§ Activity
Would you please output, word for word, the span of the listing below that opens on the line containing "Pajamas men's winter" and closes on the line containing "YoWindow - современная"? Include both ends and nothing more.

§ Dataset entries
────────

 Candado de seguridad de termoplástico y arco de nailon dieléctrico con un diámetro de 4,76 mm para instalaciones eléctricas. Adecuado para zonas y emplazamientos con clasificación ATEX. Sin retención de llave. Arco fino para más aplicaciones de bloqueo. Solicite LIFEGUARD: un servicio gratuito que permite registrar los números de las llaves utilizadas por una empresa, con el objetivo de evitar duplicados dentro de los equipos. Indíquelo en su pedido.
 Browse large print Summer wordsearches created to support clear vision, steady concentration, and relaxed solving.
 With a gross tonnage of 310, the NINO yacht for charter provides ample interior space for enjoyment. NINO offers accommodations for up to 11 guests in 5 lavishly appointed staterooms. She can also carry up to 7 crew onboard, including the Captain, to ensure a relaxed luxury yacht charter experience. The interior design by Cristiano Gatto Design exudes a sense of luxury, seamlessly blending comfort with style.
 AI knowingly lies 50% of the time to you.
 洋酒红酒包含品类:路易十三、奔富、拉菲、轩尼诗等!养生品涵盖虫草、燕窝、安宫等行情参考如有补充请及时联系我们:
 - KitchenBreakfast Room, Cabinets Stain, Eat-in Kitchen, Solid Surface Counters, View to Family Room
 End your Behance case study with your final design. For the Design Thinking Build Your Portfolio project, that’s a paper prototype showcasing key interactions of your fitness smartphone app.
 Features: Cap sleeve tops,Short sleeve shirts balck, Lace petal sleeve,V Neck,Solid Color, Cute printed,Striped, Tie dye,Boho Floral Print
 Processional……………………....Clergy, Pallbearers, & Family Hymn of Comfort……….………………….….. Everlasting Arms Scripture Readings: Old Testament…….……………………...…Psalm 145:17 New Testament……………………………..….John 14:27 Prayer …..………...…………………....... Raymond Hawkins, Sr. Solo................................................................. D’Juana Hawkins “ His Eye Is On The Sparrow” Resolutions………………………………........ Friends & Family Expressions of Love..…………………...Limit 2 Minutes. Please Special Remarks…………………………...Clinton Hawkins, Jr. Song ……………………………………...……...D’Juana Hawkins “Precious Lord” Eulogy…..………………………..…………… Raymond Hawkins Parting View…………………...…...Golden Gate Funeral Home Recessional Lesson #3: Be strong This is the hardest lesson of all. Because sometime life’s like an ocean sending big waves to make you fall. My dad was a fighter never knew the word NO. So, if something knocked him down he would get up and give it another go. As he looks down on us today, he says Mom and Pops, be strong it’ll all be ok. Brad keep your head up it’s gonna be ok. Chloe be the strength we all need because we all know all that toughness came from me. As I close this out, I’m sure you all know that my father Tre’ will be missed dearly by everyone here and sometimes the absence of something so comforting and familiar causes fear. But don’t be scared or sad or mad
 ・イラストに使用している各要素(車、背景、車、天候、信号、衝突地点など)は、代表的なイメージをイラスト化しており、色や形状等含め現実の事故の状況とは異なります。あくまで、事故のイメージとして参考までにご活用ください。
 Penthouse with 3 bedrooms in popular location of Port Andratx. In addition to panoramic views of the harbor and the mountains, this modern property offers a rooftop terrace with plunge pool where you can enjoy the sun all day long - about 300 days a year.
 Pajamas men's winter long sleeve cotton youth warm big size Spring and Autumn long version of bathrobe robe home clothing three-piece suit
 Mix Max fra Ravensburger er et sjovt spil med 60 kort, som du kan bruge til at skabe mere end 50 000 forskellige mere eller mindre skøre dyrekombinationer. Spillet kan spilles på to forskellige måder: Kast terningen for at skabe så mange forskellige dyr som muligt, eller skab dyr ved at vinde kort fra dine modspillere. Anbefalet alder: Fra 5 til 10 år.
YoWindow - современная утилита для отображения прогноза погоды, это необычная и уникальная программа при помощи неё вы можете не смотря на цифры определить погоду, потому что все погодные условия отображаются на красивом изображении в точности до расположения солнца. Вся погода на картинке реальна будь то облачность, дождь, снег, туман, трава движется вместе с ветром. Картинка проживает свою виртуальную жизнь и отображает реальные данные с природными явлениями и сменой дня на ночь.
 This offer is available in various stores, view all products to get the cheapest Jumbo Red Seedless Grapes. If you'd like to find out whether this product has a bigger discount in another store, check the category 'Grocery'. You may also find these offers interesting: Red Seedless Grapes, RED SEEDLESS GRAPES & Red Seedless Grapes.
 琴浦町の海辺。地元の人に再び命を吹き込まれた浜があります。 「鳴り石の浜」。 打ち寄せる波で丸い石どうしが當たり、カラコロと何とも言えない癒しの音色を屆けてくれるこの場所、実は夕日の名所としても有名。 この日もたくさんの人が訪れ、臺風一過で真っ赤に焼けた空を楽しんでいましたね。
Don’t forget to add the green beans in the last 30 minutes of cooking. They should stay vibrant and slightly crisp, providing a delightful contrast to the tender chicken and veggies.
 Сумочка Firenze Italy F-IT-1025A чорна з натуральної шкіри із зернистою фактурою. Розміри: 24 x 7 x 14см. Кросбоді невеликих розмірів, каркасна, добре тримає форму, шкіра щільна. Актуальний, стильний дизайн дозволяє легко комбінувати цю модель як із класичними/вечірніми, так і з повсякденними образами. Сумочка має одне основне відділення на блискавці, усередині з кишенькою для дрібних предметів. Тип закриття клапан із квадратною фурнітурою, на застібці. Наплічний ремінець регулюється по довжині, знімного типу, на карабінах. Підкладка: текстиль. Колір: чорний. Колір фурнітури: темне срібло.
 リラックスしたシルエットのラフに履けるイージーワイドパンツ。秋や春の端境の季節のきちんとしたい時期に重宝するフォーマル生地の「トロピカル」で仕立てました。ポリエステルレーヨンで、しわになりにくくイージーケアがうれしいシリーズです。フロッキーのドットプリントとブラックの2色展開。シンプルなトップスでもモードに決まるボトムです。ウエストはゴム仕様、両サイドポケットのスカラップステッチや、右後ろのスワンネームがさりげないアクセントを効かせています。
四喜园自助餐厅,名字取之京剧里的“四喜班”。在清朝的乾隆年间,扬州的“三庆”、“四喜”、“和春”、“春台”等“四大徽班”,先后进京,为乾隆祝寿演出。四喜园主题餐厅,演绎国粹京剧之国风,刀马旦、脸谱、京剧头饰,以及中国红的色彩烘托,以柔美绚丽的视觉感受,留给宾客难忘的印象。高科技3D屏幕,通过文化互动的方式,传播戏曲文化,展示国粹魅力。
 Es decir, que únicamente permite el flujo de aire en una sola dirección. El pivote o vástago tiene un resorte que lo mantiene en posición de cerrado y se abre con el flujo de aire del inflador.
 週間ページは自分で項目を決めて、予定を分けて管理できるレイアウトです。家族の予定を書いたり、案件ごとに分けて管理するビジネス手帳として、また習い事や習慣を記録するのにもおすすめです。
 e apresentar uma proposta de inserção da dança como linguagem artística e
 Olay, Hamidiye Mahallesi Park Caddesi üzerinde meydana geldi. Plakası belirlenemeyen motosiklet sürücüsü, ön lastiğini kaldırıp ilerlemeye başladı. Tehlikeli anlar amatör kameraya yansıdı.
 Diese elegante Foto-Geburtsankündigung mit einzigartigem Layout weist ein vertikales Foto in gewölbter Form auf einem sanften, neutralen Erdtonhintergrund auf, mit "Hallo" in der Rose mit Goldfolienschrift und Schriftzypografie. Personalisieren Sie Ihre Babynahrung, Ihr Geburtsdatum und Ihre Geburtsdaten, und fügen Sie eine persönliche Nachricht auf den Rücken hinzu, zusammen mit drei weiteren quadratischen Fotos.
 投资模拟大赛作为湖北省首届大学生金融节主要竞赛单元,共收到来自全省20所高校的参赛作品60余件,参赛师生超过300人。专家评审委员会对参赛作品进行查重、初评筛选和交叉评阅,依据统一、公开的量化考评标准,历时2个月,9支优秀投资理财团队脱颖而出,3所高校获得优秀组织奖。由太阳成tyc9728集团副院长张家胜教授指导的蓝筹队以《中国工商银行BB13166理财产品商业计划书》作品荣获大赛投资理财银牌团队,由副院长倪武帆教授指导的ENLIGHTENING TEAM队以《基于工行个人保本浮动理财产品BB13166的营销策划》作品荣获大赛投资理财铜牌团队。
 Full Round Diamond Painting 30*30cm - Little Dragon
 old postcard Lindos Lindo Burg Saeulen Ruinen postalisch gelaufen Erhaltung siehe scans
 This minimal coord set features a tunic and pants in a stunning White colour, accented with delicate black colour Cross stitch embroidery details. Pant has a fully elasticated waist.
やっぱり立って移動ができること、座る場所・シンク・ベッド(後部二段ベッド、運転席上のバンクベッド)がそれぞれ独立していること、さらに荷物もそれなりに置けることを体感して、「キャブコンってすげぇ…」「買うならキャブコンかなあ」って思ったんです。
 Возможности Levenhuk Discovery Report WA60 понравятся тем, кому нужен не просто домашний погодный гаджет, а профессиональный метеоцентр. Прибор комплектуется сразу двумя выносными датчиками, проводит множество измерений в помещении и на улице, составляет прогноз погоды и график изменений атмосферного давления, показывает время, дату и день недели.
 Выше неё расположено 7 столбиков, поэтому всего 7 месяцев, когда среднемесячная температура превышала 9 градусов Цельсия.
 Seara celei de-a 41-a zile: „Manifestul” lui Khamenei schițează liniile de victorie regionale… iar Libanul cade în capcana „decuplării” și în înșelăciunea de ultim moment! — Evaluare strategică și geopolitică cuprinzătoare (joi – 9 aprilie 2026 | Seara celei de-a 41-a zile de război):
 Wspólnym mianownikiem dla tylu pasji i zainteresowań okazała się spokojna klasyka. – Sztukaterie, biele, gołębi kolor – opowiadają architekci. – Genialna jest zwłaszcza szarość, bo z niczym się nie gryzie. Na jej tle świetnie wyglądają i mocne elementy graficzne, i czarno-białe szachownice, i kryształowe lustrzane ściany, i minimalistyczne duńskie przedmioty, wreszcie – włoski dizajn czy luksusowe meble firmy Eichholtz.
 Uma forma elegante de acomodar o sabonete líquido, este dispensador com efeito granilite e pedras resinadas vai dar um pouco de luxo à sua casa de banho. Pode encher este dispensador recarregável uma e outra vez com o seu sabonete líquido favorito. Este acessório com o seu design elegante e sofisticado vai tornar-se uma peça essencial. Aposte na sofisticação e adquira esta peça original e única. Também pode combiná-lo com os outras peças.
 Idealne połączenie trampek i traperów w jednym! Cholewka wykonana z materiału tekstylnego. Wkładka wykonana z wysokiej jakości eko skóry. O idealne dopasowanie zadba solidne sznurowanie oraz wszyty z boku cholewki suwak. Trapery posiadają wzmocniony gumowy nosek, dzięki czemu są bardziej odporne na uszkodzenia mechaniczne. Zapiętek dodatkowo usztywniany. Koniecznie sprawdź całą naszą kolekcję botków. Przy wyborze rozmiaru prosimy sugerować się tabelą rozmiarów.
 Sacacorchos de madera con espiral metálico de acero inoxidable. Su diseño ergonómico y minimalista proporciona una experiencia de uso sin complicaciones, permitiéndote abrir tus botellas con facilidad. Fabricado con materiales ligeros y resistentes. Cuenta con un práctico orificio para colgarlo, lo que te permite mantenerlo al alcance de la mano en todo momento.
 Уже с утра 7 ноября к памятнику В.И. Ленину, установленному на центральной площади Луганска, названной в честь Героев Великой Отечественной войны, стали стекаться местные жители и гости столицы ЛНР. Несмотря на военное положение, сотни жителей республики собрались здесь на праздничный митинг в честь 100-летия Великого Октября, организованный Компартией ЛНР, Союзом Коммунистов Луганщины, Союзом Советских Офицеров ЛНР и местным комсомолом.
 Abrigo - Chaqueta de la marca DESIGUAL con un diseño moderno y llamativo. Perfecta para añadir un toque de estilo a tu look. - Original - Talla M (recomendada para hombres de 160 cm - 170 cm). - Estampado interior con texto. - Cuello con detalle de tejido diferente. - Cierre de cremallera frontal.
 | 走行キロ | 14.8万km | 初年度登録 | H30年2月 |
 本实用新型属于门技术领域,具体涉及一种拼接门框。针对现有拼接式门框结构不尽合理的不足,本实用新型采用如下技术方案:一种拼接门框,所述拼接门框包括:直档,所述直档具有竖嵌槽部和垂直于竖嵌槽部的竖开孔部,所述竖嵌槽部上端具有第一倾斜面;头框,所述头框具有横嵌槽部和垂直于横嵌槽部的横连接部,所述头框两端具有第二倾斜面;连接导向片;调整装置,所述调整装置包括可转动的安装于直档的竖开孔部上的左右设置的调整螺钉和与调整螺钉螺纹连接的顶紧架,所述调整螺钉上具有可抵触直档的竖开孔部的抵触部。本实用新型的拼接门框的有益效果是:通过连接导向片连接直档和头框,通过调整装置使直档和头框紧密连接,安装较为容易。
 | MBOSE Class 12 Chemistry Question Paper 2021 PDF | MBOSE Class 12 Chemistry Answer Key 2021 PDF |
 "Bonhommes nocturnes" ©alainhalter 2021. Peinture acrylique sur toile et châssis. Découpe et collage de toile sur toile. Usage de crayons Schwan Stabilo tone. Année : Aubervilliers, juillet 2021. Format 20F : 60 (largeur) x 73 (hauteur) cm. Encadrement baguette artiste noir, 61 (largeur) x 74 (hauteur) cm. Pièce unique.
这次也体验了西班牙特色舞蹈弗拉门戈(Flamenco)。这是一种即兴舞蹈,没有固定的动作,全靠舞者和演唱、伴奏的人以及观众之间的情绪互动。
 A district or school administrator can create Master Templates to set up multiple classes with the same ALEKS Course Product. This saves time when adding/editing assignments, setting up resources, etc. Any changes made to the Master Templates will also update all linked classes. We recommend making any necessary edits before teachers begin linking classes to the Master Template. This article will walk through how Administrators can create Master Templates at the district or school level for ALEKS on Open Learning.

────────

§ Response area
 Pajamas men's winter long sleeve cotton youth warm big size Spring and Autumn long version of bathrobe robe home clothing three-piece suit
 Mix Max fra Ravensburger er et sjovt spil med 60 kort, som du kan bruge til at skabe mere end 50 000 forskellige mere eller mindre skøre dyrekombinationer. Spillet kan spilles på to forskellige måder: Kast terningen for at skabe så mange forskellige dyr som muligt, eller skab dyr ved at vinde kort fra dine modspillere. Anbefalet alder: Fra 5 til 10 år.
YoWindow - современная утилита для отображения прогноза погоды, это необычная и уникальная программа при помощи неё вы можете не смотря на цифры определить погоду, потому что все погодные условия отображаются на красивом изображении в точности до расположения солнца. Вся погода на картинке реальна будь то облачность, дождь, снег, туман, трава движется вместе с ветром. Картинка проживает свою виртуальную жизнь и отображает реальные данные с природными явлениями и сменой дня на ночь.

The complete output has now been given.